Supplied data:
────────────────────────────────────────
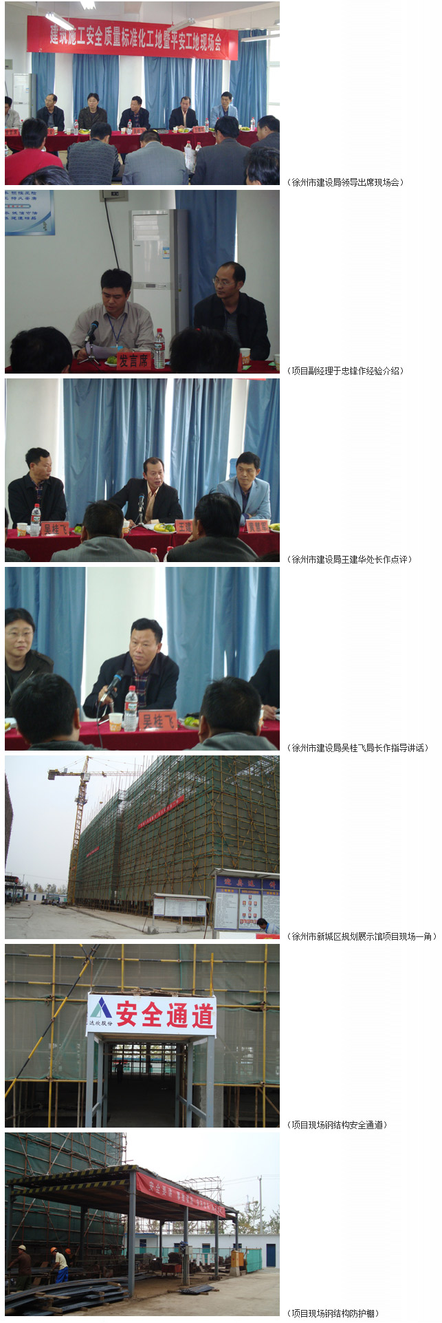 徐州市建設局安監處王建華處長在講話中對本工程“創質量安全標準化、平安工地”給予了高度評價,并總結了“八大亮點”:1、現場道路及場地硬化到位;2、農民工學校的內容具體、真實;3、現場的警示標志形象、生動,有特點;4、腳手架搭設規范;5、現場排水溝及集水井嚴格按照JGJ59—99的要求設計、施工;6、定型化產品(組裝式鋼結構防護棚)的投入使用;7、現場的臨邊防護規范;8、設置曝光欄有特點,做到處罰有根據。
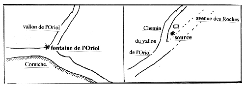 Une fontaine peinte en trompe-l’oeil au milieu de la roche, en bas du vallon de l’Oriol, rappelait la présence de l’eau en ces lieux; la peinture qui s’était dégradée a été supprimée !
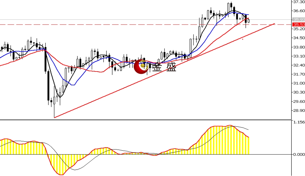前一个交易日,早盘时段,中东局势转好打压避险情绪,白银跟随黄金跳水,但很快收复全部跌幅。午后价格围绕36美元关口横盘,并创日内高点36.18美元。晚盘时段,行情再次跳水,盘中一小时跌幅2%,价格最低至35.27美元,尾盘连续小阳星反抽,最终收长下影线的阴K。均线系统偏多头排列,价格回踩布林带中轨。MACD指标快慢线零轴上方现死叉,做空的动能为主。白银涨势不变,价格形成图示的趋势线。短期行情进入高位休整,昨日价格一度跌破区间下轨35.5美元,但随后快速收复,即确认其支撑依然有效。短期看35.5—36.5区间震荡,操作上高抛低吸。
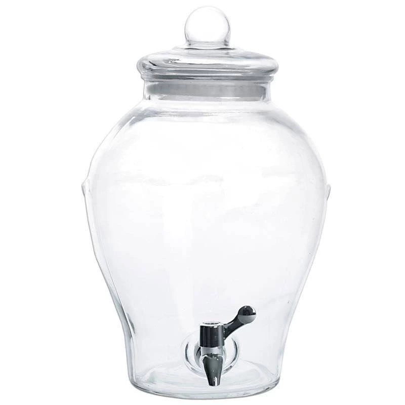 - IDEALNY DO NAPOJÓW - Dystrybutor do napojów z kranikiem o pojemności 6,5 litra. Idealny do serwowania lemoniady w gorące dni, ponczu lub soku podczas imprezy. Wymiary słoju: 23 x 35 cm.
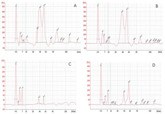 The glutenin subunits of 43–66 kDa were detected in both gluten samples (Figure 1C,D), while more intensive peaks (20–220 FU) of those proteins were detected in gluten GI94 (Figure 1C), and glutenin subunits of 16–22 kDa and proteins with an MW between 90 and 172 kDa were detected additionally in the gluten GI71 (Figure 1D), indicating lower quality. Also, the HMW to LMW-GLN subunits ratio of 0.11 and 0.48, respectively, in these gluten samples confirmed the higher quality of gluten GI94 compared to GI71.
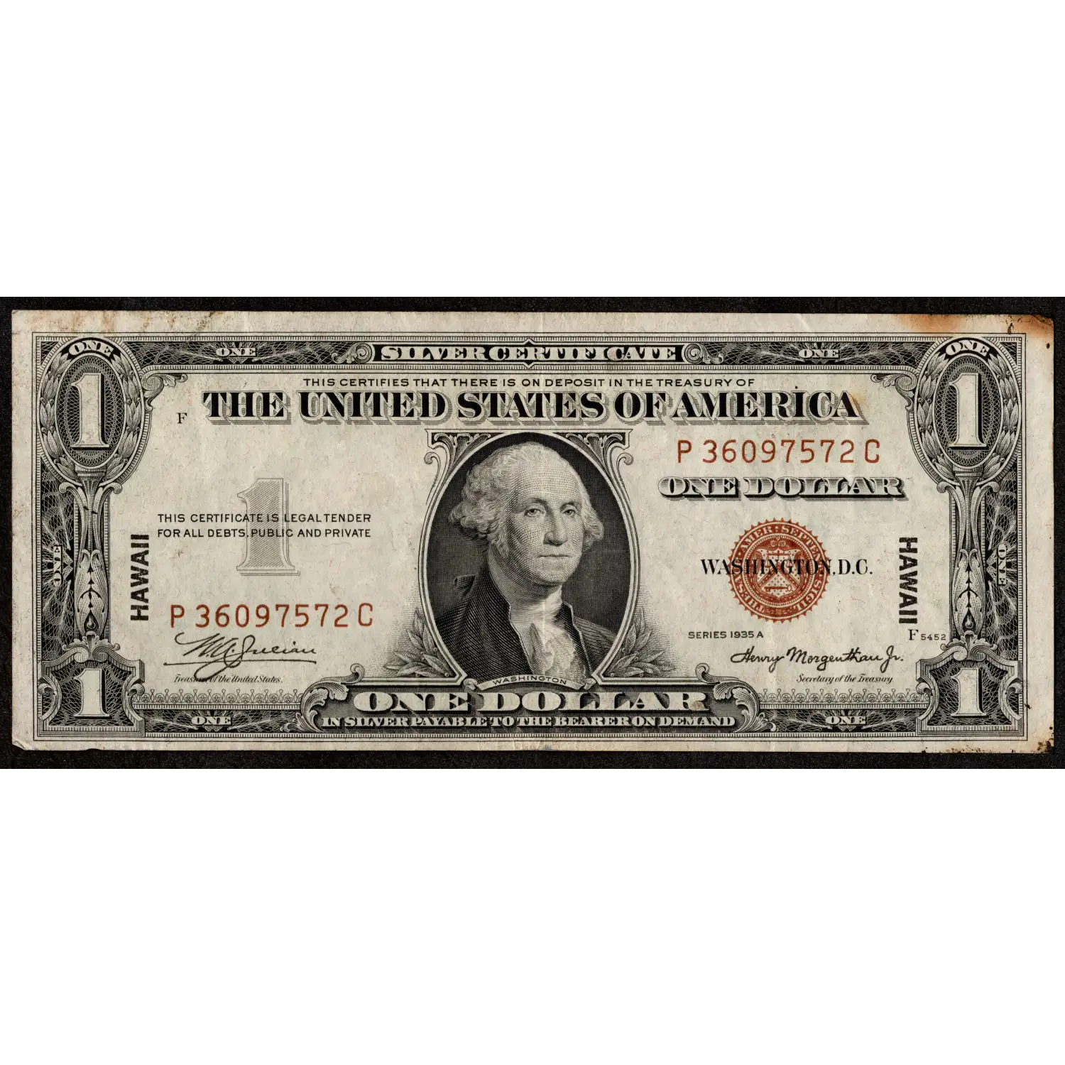 A historic piece of WWII currency, this $1 1935-A Hawaii note was issued after the attack on Pearl Harbor as part of a special emergency series. These notes feature brown seals and overprints, and were created so that—if the islands fell to enemy forces—the U.S. government could quickly declare them worthless to protect mainland currency reserves.
────────────────────────────────────────
Assignment:
Omit the pictures and please write out exactly the lines between the one containing "前一个交易日,早盘时段,中东" and the last line of the entries, both included.

Answer area:
前一个交易日,早盘时段,中东局势转好打压避险情绪,白银跟随黄金跳水,但很快收复全部跌幅。午后价格围绕36美元关口横盘,并创日内高点36.18美元。晚盘时段,行情再次跳水,盘中一小时跌幅2%,价格最低至35.27美元,尾盘连续小阳星反抽,最终收长下影线的阴K。均线系统偏多头排列,价格回踩布林带中轨。MACD指标快慢线零轴上方现死叉,做空的动能为主。白银涨势不变,价格形成图示的趋势线。短期行情进入高位休整,昨日价格一度跌破区间下轨35.5美元,但随后快速收复,即确认其支撑依然有效。短期看35.5—36.5区间震荡,操作上高抛低吸。
 - IDEALNY DO NAPOJÓW - Dystrybutor do napojów z kranikiem o pojemności 6,5 litra. Idealny do serwowania lemoniady w gorące dni, ponczu lub soku podczas imprezy. Wymiary słoju: 23 x 35 cm.
 The glutenin subunits of 43–66 kDa were detected in both gluten samples (Figure 1C,D), while more intensive peaks (20–220 FU) of those proteins were detected in gluten GI94 (Figure 1C), and glutenin subunits of 16–22 kDa and proteins with an MW between 90 and 172 kDa were detected additionally in the gluten GI71 (Figure 1D), indicating lower quality. Also, the HMW to LMW-GLN subunits ratio of 0.11 and 0.48, respectively, in these gluten samples confirmed the higher quality of gluten GI94 compared to GI71.
 A historic piece of WWII currency, this $1 1935-A Hawaii note was issued after the attack on Pearl Harbor as part of a special emergency series. These notes feature brown seals and overprints, and were created so that—if the islands fell to enemy forces—the U.S. government could quickly declare them worthless to protect mainland currency reserves.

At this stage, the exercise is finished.